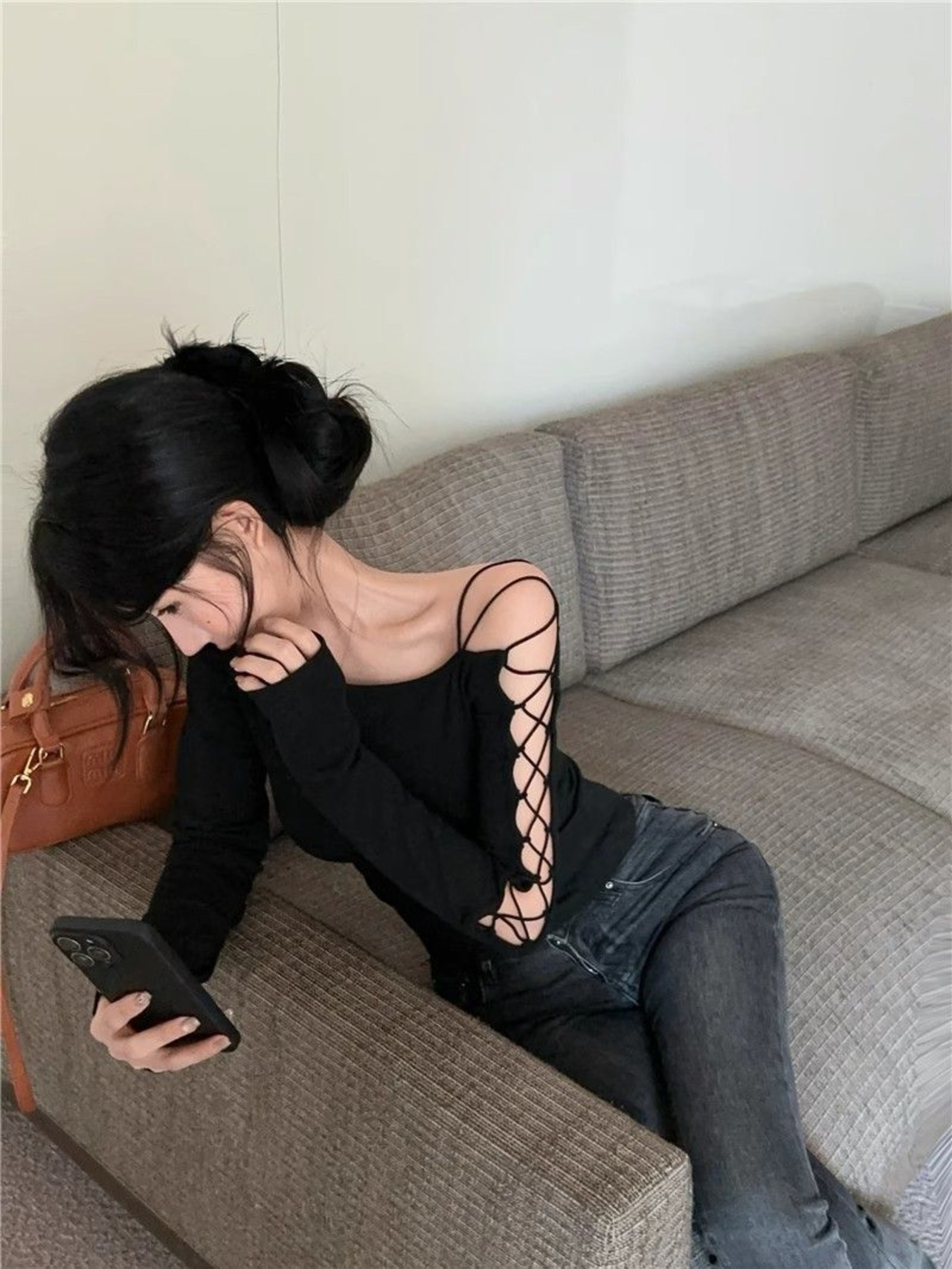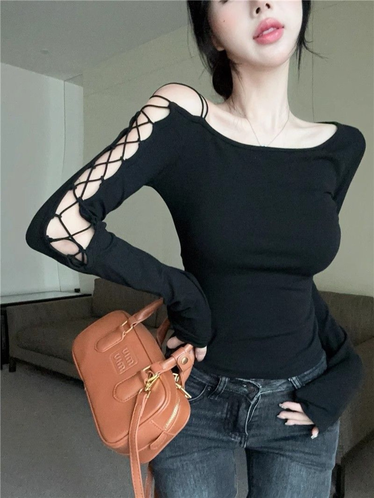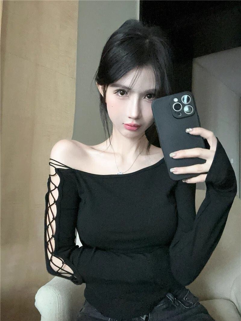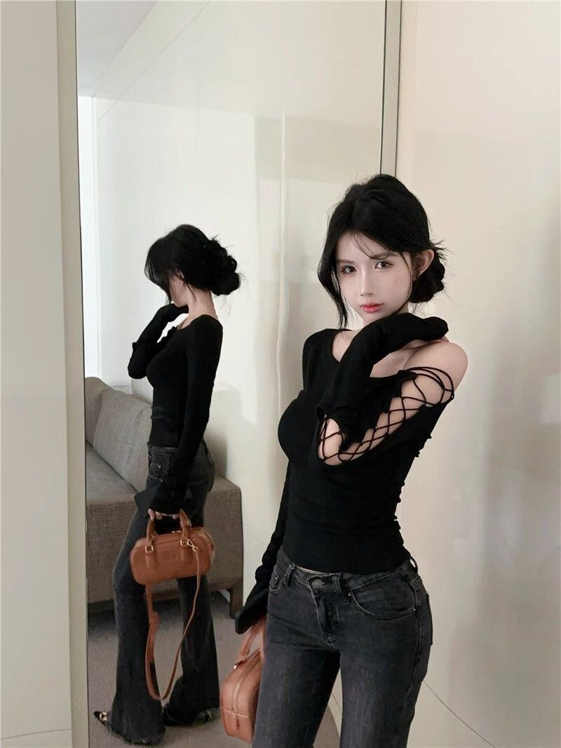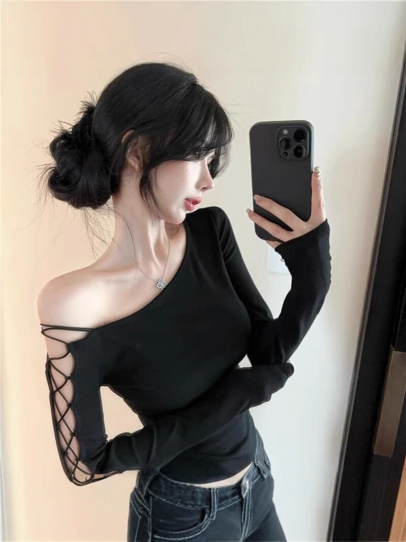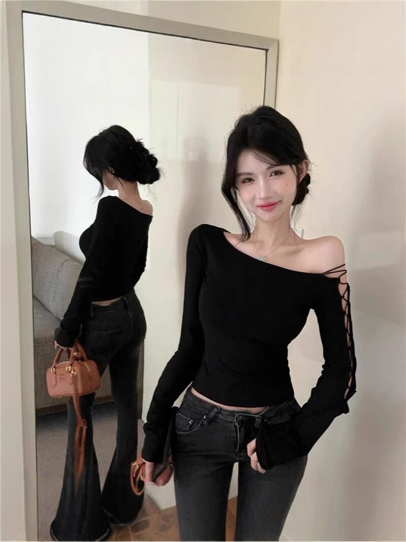 アシンメトリーネック リボンデザイン 長袖ショートトップス レディース 春
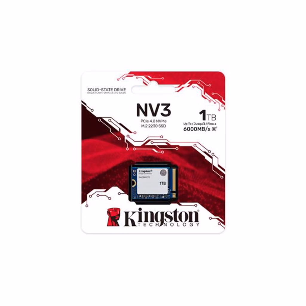 Kingston Technology 1000G NV3 M.2 2230 NVMe SSDPer esigenze di storage ad alta velocità e basso consumo I drive SSD NV3 PCIe 4.0 NVMe sono uno storage innovativo dotato di controller NVMe Gen 4x4 per raggiungere velocità in lettura/scrittura di 6.000/5.000MB/s*. Disponibili in entrambi i formati single-sided M.2 22x80 mm e 22x30 mm, espandono lo storage in sistemi compatti come laptop e console portatili*****. Possono ridurre il consumo energetico e la produzione di calore, ottimizzando così le prestazioni del sistema senza comprometterne il valore, e offrono tutta la capacità di storage che serve ad applicazioni, documenti, foto, video, gaming e altri contenuti con capacità da 500GB a 4TB**. Prestazioni di livello Gen 4x4 NVMe PCIe Upgrade del sistema con velocità in lettura/scrittura fino a 6.000/5.000MB/s*. Piccola taglia, grande resa NV3 2280 e 2230 si integrano facilmente in laptop sottili e PC ultra piccoli con connettori M.2 e spazio limitato. Espansione dello spazio di storage Disponibile con ampie capacità che arrivano fino a 4 TB**, offre uno spazio di storage pressocché infinito, adatto a file, video, documenti e giochi. Più spazio, più giochi Con NV3 2230 è possibile aggiornare i sistemi di gaming portatili compatibili per tuffarsi nel gioco più rapidamente*****.
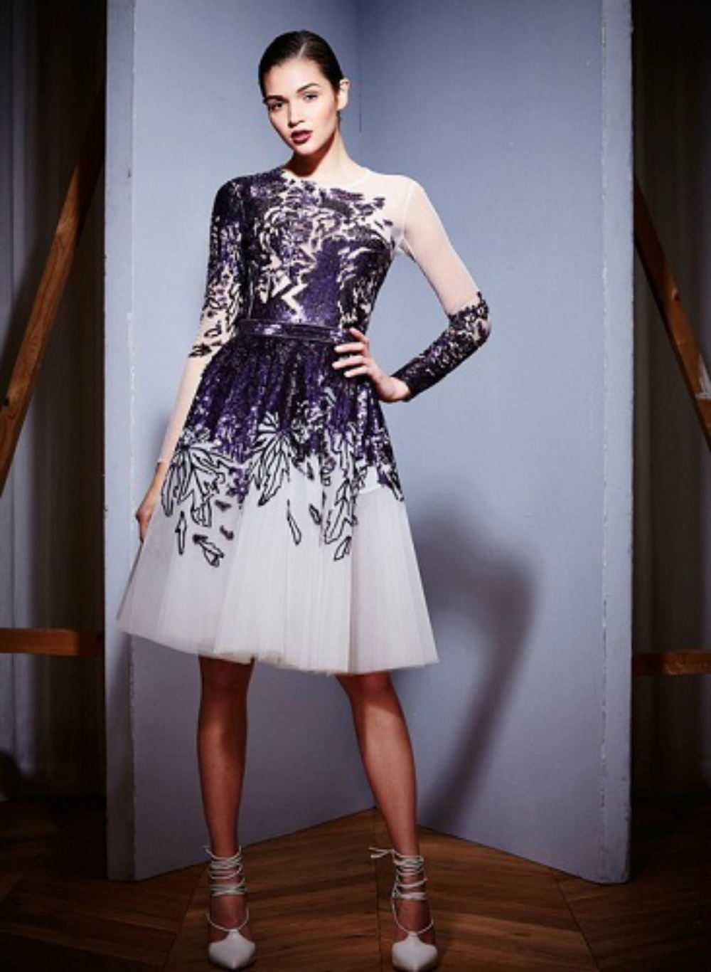 Ажурные узоры стали хитом нового сезона. Их комбинируют с другими текстурами, материалами. К примеру, кокетливо смотрится платье длины мини, миди с кружевным лифом и многослойной юбкой из органзы. Ажурные узоры прекрасно сочетаются с атласными, бархатными тканями. Подобные наряды выглядят не только празднично, но и стильно.
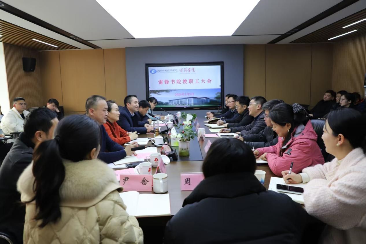 2026年1月5日下午,学校在雷锋书院行政楼205会议室召开工作会议。学校党委副书记苏玲出席会议并讲话,书院全体教职工参会,会议由雷锋书院直属党支部书记余新明主持。会上,余新明领学了习近平总书记在中央政治局民主生活会上、二十届中央政治局第二十一次集体学习时的重要讲话精神。强调要深刻领悟精神实质,将其贯穿书院党建与育人工作全过程、各环节,切实推进作风建设常态化长效化。雷锋书院常务副院长杨健作2025年度工作总结暨2026年工作计划报告。...
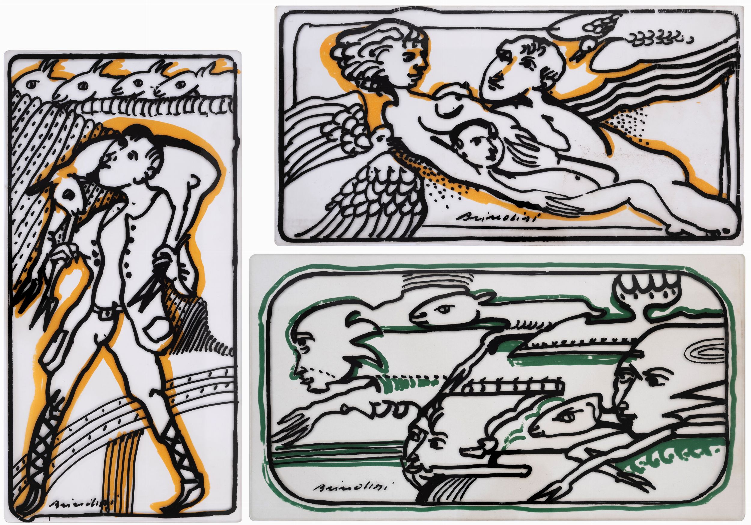lotto di 3 tecniche miste su plexiglass, cm. 20,5x41 (2) - 24x43
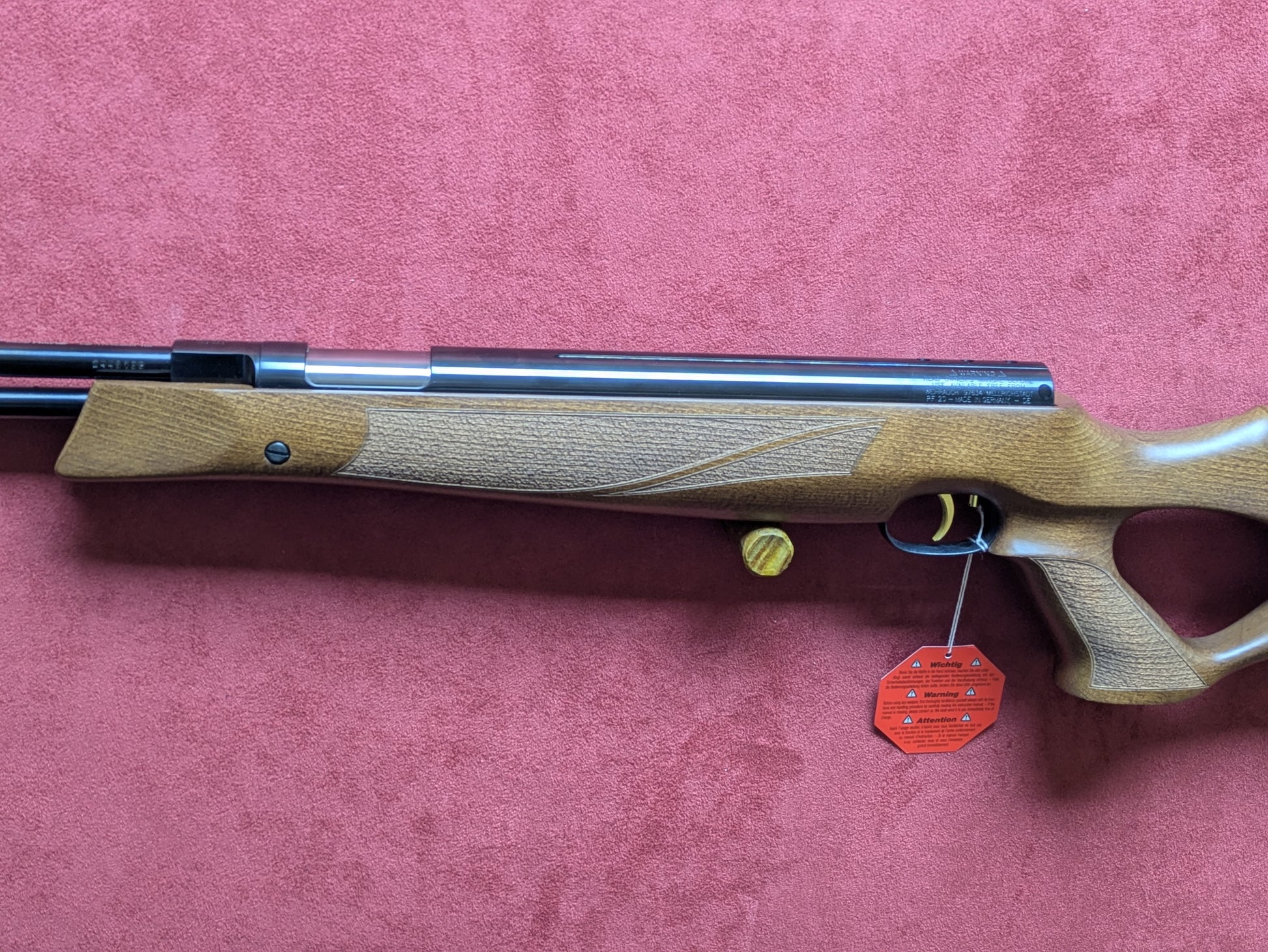 HW97 KT OVERVIEW: This legendary spring powered under-lever air rifle was especially developed for field target shooting but makes a superb hunting gun too. The fixed barrel action is equipped with the Weihrauch muzzle weight, reducing muzzle flip and increasing accuracy. The specially crafted high comb stock is designed for scope use and is also available in a blue laminate.
**********
Using the data above, write out every line exactly, leaving the images behind.

[Written answer]:
 アシンメトリーネック リボンデザイン 長袖ショートトップス レディース 春
 Kingston Technology 1000G NV3 M.2 2230 NVMe SSDPer esigenze di storage ad alta velocità e basso consumo I drive SSD NV3 PCIe 4.0 NVMe sono uno storage innovativo dotato di controller NVMe Gen 4x4 per raggiungere velocità in lettura/scrittura di 6.000/5.000MB/s*. Disponibili in entrambi i formati single-sided M.2 22x80 mm e 22x30 mm, espandono lo storage in sistemi compatti come laptop e console portatili*****. Possono ridurre il consumo energetico e la produzione di calore, ottimizzando così le prestazioni del sistema senza comprometterne il valore, e offrono tutta la capacità di storage che serve ad applicazioni, documenti, foto, video, gaming e altri contenuti con capacità da 500GB a 4TB**. Prestazioni di livello Gen 4x4 NVMe PCIe Upgrade del sistema con velocità in lettura/scrittura fino a 6.000/5.000MB/s*. Piccola taglia, grande resa NV3 2280 e 2230 si integrano facilmente in laptop sottili e PC ultra piccoli con connettori M.2 e spazio limitato. Espansione dello spazio di storage Disponibile con ampie capacità che arrivano fino a 4 TB**, offre uno spazio di storage pressocché infinito, adatto a file, video, documenti e giochi. Più spazio, più giochi Con NV3 2230 è possibile aggiornare i sistemi di gaming portatili compatibili per tuffarsi nel gioco più rapidamente*****.
 Ажурные узоры стали хитом нового сезона. Их комбинируют с другими текстурами, материалами. К примеру, кокетливо смотрится платье длины мини, миди с кружевным лифом и многослойной юбкой из органзы. Ажурные узоры прекрасно сочетаются с атласными, бархатными тканями. Подобные наряды выглядят не только празднично, но и стильно.
 2026年1月5日下午,学校在雷锋书院行政楼205会议室召开工作会议。学校党委副书记苏玲出席会议并讲话,书院全体教职工参会,会议由雷锋书院直属党支部书记余新明主持。会上,余新明领学了习近平总书记在中央政治局民主生活会上、二十届中央政治局第二十一次集体学习时的重要讲话精神。强调要深刻领悟精神实质,将其贯穿书院党建与育人工作全过程、各环节,切实推进作风建设常态化长效化。雷锋书院常务副院长杨健作2025年度工作总结暨2026年工作计划报告。...
lotto di 3 tecniche miste su plexiglass, cm. 20,5x41 (2) - 24x43
 HW97 KT OVERVIEW: This legendary spring powered under-lever air rifle was especially developed for field target shooting but makes a superb hunting gun too. The fixed barrel action is equipped with the Weihrauch muzzle weight, reducing muzzle flip and increasing accuracy. The specially crafted high comb stock is designed for scope use and is also available in a blue laminate.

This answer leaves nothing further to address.